In Friday’s issue of the Morbidity and Mortality Weekly (MMWR), the Centers for Disease Control and Prevention released the 2009 statistics from the National TB Surveillance System. The results were encouraging as a decrease in total cases was seen from 2008 to 2009.
To arrive with their numbers, health departments in the 50 states and the District of Columbia (DC) electronically report to CDC the TB cases that meet the CDC/Council of State and Territorial Epidemiologists case definition.
The CDC calculates national and state TB rates overall and by racial/ethnic population using current U.S. Census population estimates. A U.S.-born person was defined as someone born in the United States or in its associated jurisdictions, or someone born in a foreign country but having at least one U.S.-born parent. Persons not meeting this definition were classified as foreign born.
Here are some of the numbers:
• In 2009, there were a total of 11,540 TB cases reported at a rate of 3.8 cases per 100,000 population. In 2008, the TB rate was 4.2 cases per 100,000 population; this represents a 11.4 percent decrease.
• That represents the greatest single year decrease since surveillance began in 1953.
• Foreign born persons and racial/ethnic minorities have a disproportionately higher amount of TB cases than the population as a whole.

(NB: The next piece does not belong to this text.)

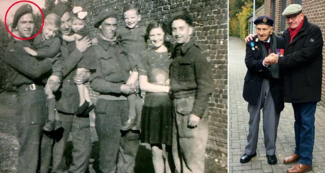 Um veterano do Dia D de 98 anos recriou uma foto tirada com um menino belga cuja família o levou 76 anos atrás.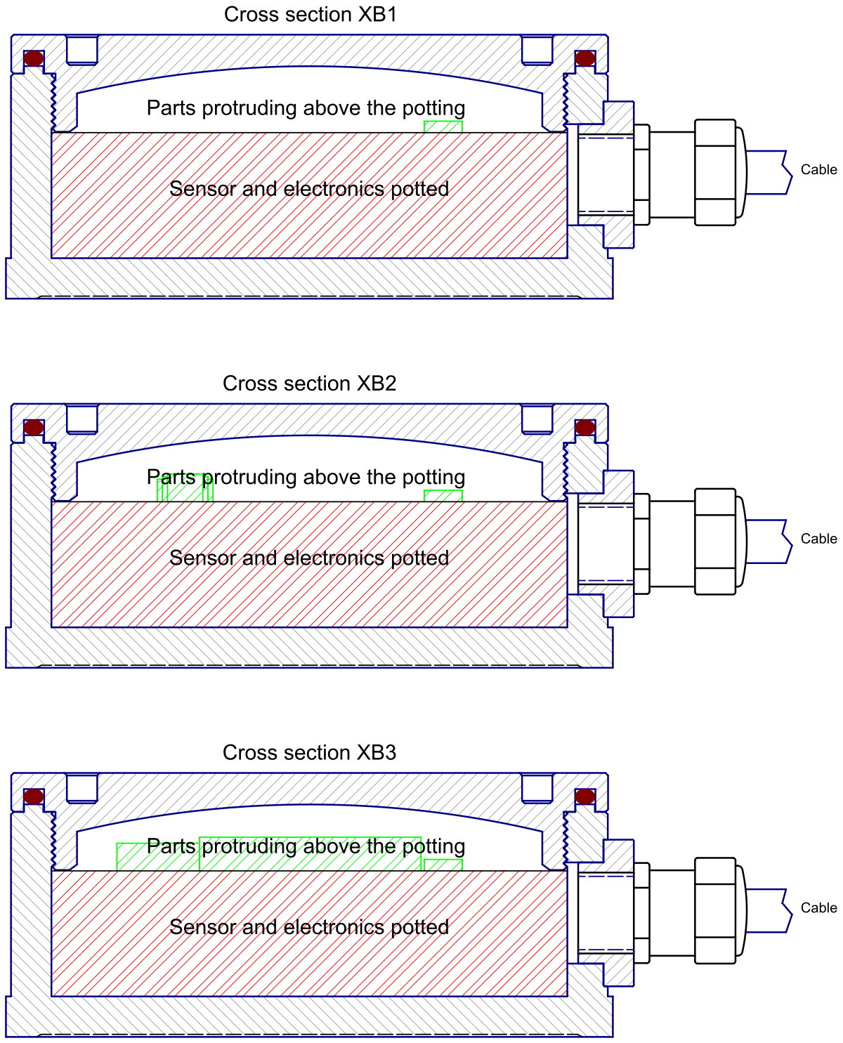 Cross sections of the ATEX type XB with 1, 2, and 3 sensors

• The TB rate in foreign born persons was almost 11 times higher than in US born persons.
• TB rates in blacks and Hispanics was about 8 times higher than among non-Hispanic whites.
• TB rates in Asians were over 25 times higher than non-Hispanic whites.
• The lowest rate of TB in any state was in Wyoming (0.4 per 100,000 population)
• The highest rates were seen in Hawaii (9.1 per 100,000 population)
• Four states accounted for more than half of all TB cases reported (50.3%); California, Florida, Texas and New York.
• The total TB cases in US born persons in 2009 were 4,499, as compared with 5,282 cases in 2008.
• The total TB cases in foreign born persons in 2009 were 6,806, as compared with 7,602 cases in 2008.
• Four countries accounted for more than half of the TB cases reported in foreign born persons (50.1%); Mexico, the Philippines, India and Vietnam.
• Over 10 percent of people with TB were co-infected with human immunodeficiency virus (HIV).
The CDC points out that the overall decreases in TB cases may be due to changes in population demographics or better TB control; or does it represent increased underreporting or under diagnosis of TB?